* Extracted data:
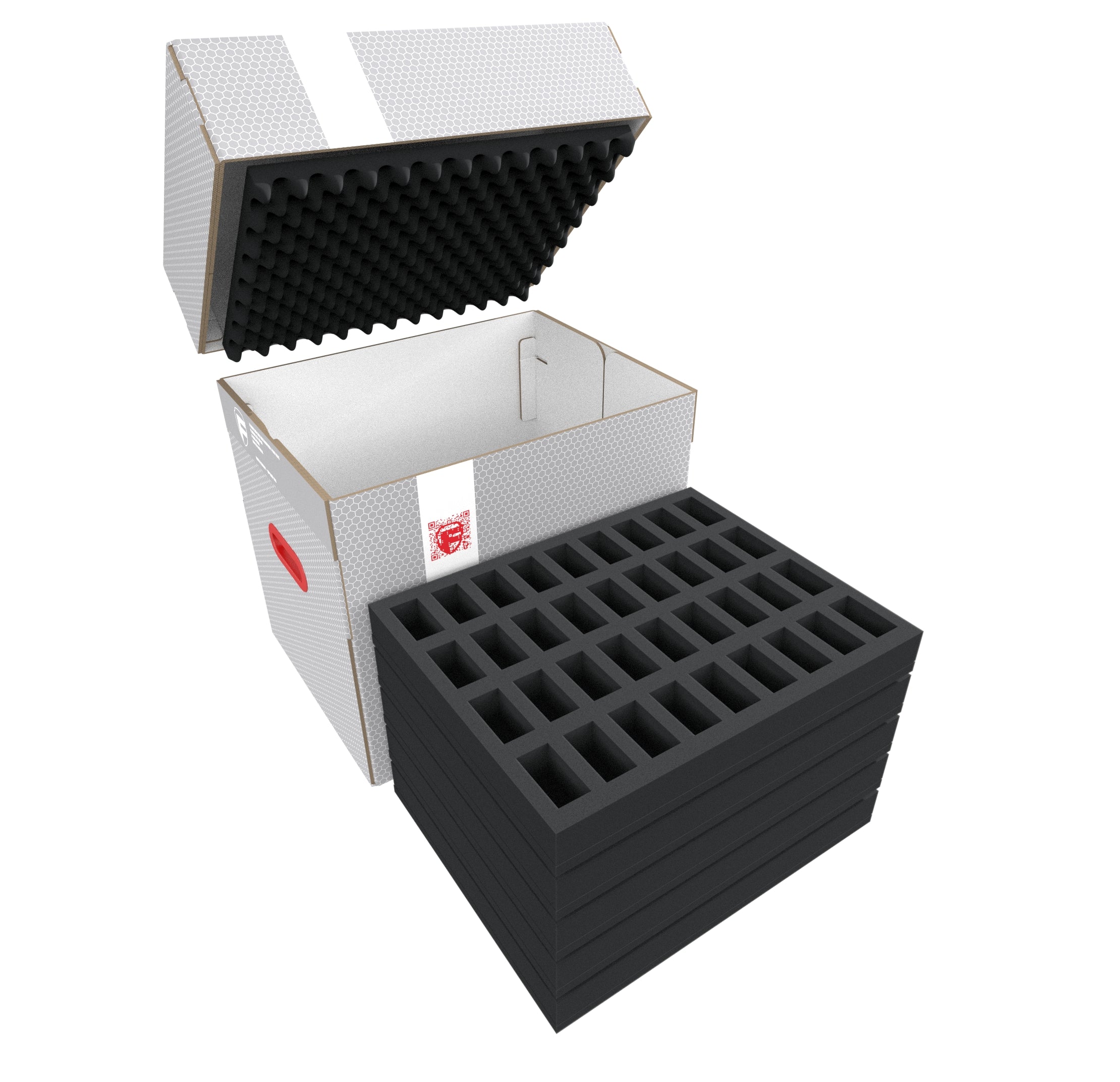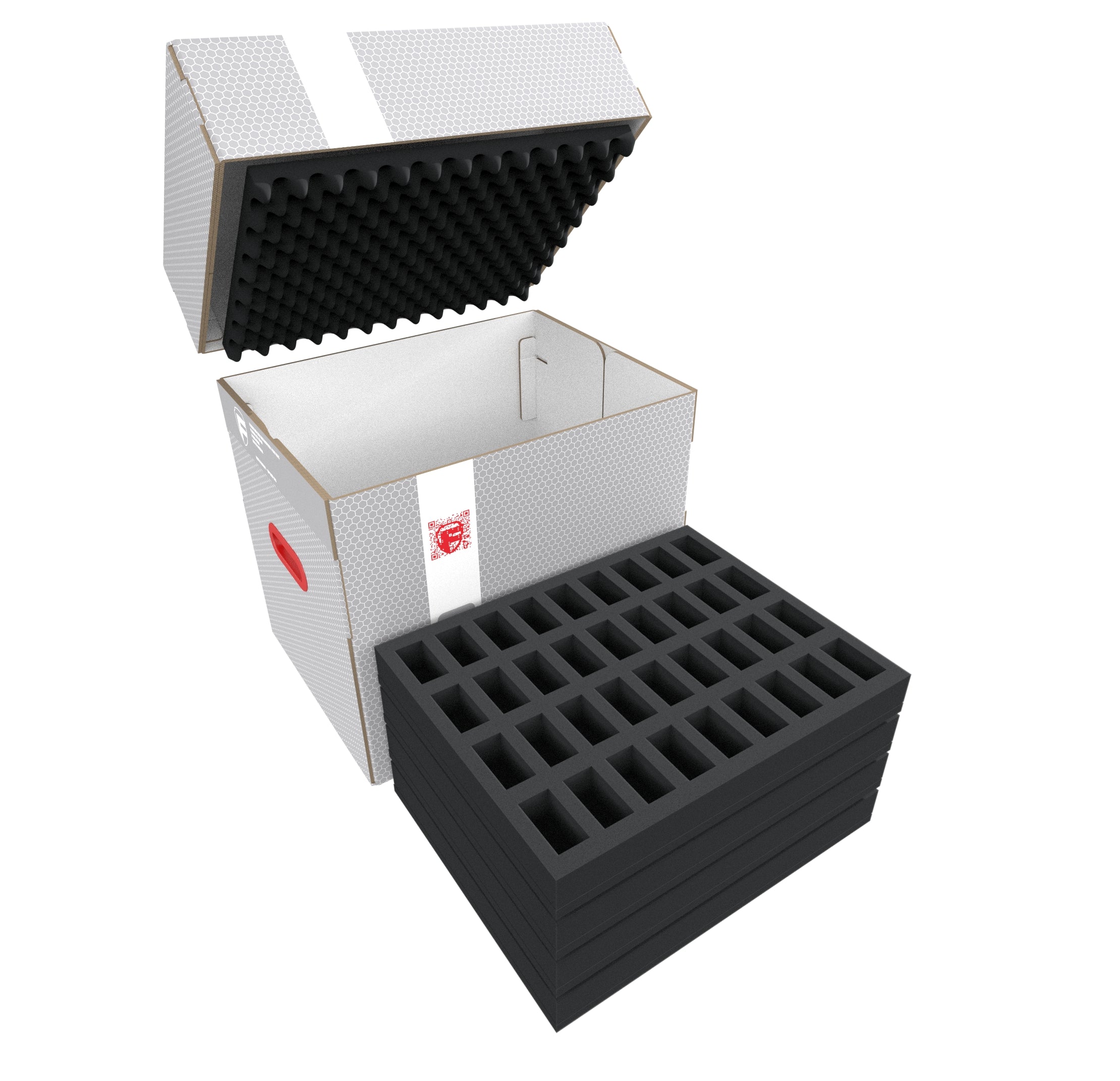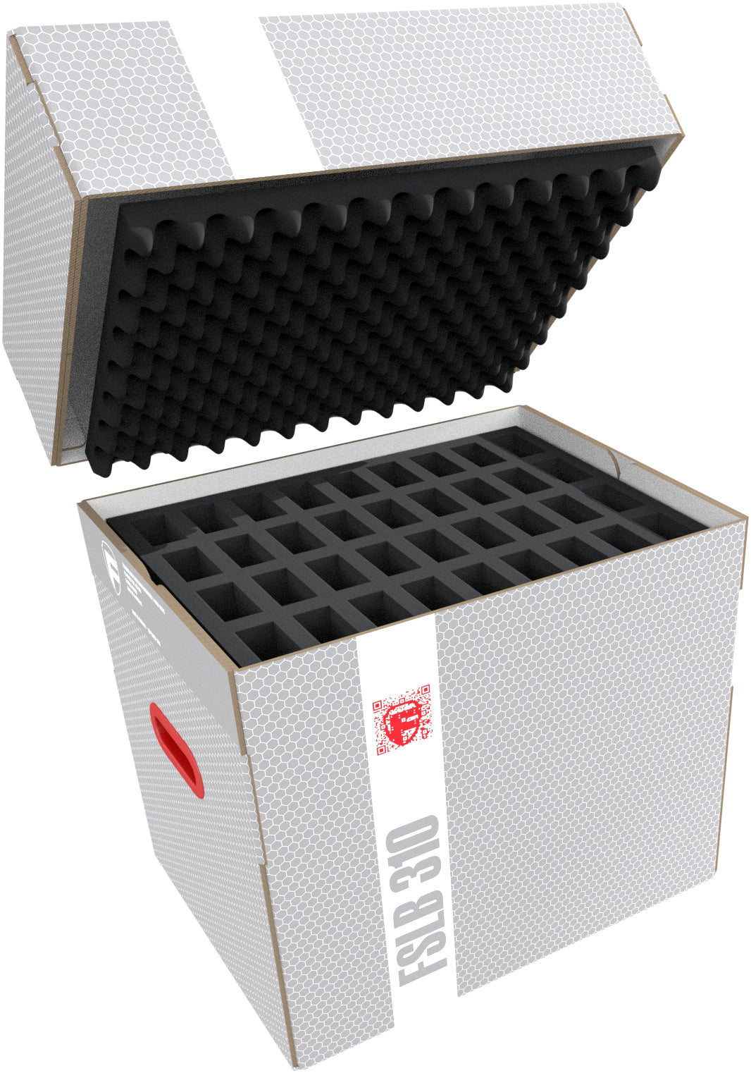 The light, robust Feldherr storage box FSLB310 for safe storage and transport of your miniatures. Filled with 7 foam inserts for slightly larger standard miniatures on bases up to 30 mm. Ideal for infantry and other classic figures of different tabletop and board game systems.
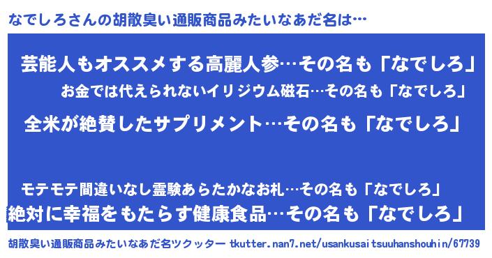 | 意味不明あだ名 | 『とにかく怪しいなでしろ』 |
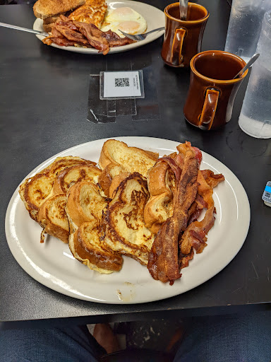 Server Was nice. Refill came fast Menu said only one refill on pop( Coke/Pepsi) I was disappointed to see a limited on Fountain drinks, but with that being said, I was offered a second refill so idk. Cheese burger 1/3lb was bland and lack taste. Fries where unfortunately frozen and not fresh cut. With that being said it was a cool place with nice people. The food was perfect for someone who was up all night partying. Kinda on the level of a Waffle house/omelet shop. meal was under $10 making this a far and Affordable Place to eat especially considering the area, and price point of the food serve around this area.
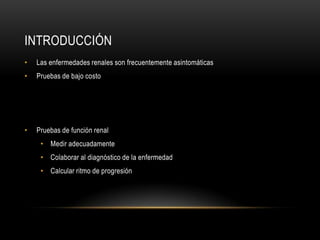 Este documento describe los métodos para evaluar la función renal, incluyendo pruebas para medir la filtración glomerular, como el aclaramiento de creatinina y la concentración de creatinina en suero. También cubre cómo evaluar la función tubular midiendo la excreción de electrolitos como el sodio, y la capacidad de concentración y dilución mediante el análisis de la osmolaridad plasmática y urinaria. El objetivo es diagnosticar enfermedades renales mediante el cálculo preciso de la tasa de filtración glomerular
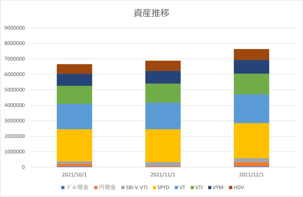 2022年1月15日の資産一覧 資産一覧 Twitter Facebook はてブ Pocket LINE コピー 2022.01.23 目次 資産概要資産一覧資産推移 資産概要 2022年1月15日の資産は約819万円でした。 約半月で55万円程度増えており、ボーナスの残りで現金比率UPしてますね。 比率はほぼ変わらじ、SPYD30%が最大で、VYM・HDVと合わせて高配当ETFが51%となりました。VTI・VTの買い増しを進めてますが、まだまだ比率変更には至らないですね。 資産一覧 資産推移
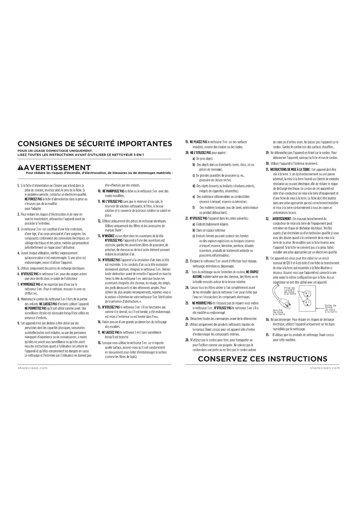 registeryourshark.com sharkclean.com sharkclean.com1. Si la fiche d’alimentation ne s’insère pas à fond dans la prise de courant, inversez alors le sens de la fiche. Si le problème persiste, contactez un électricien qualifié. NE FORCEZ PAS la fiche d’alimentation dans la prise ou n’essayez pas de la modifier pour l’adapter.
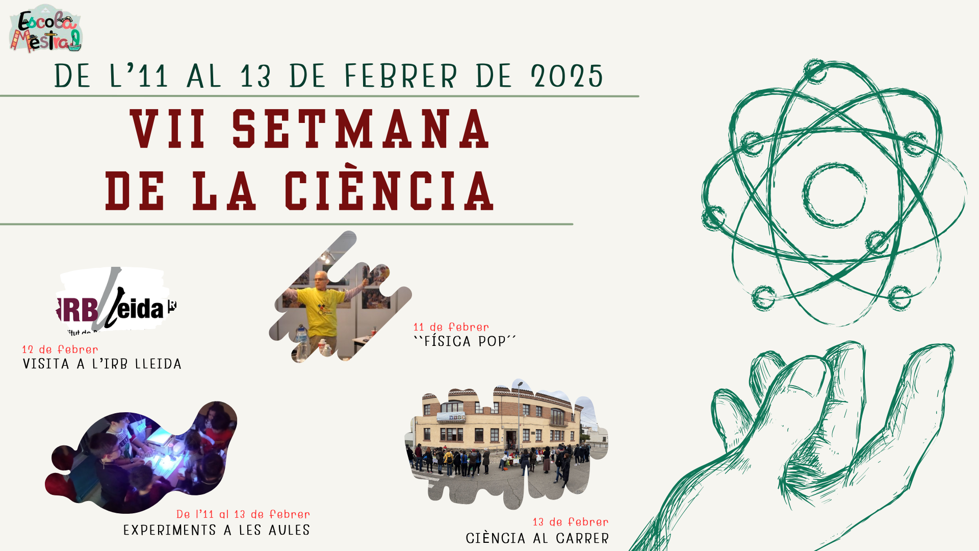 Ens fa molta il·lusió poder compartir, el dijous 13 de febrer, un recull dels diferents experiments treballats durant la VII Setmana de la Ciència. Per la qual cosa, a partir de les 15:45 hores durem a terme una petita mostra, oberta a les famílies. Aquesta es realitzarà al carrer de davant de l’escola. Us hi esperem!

* Work request: The whole listing above must be set down again exactly, but without its images.

* Output of the task:
 The light, robust Feldherr storage box FSLB310 for safe storage and transport of your miniatures. Filled with 7 foam inserts for slightly larger standard miniatures on bases up to 30 mm. Ideal for infantry and other classic figures of different tabletop and board game systems.
 | 意味不明あだ名 | 『とにかく怪しいなでしろ』 |
 Server Was nice. Refill came fast Menu said only one refill on pop( Coke/Pepsi) I was disappointed to see a limited on Fountain drinks, but with that being said, I was offered a second refill so idk. Cheese burger 1/3lb was bland and lack taste. Fries where unfortunately frozen and not fresh cut. With that being said it was a cool place with nice people. The food was perfect for someone who was up all night partying. Kinda on the level of a Waffle house/omelet shop. meal was under $10 making this a far and Affordable Place to eat especially considering the area, and price point of the food serve around this area.
 Este documento describe los métodos para evaluar la función renal, incluyendo pruebas para medir la filtración glomerular, como el aclaramiento de creatinina y la concentración de creatinina en suero. También cubre cómo evaluar la función tubular midiendo la excreción de electrolitos como el sodio, y la capacidad de concentración y dilución mediante el análisis de la osmolaridad plasmática y urinaria. El objetivo es diagnosticar enfermedades renales mediante el cálculo preciso de la tasa de filtración glomerular
 2022年1月15日の資産一覧 資産一覧 Twitter Facebook はてブ Pocket LINE コピー 2022.01.23 目次 資産概要資産一覧資産推移 資産概要 2022年1月15日の資産は約819万円でした。 約半月で55万円程度増えており、ボーナスの残りで現金比率UPしてますね。 比率はほぼ変わらじ、SPYD30%が最大で、VYM・HDVと合わせて高配当ETFが51%となりました。VTI・VTの買い増しを進めてますが、まだまだ比率変更には至らないですね。 資産一覧 資産推移
 registeryourshark.com sharkclean.com sharkclean.com1. Si la fiche d’alimentation ne s’insère pas à fond dans la prise de courant, inversez alors le sens de la fiche. Si le problème persiste, contactez un électricien qualifié. NE FORCEZ PAS la fiche d’alimentation dans la prise ou n’essayez pas de la modifier pour l’adapter.
 Ens fa molta il·lusió poder compartir, el dijous 13 de febrer, un recull dels diferents experiments treballats durant la VII Setmana de la Ciència. Per la qual cosa, a partir de les 15:45 hores durem a terme una petita mostra, oberta a les famílies. Aquesta es realitzarà al carrer de davant de l’escola. Us hi esperem!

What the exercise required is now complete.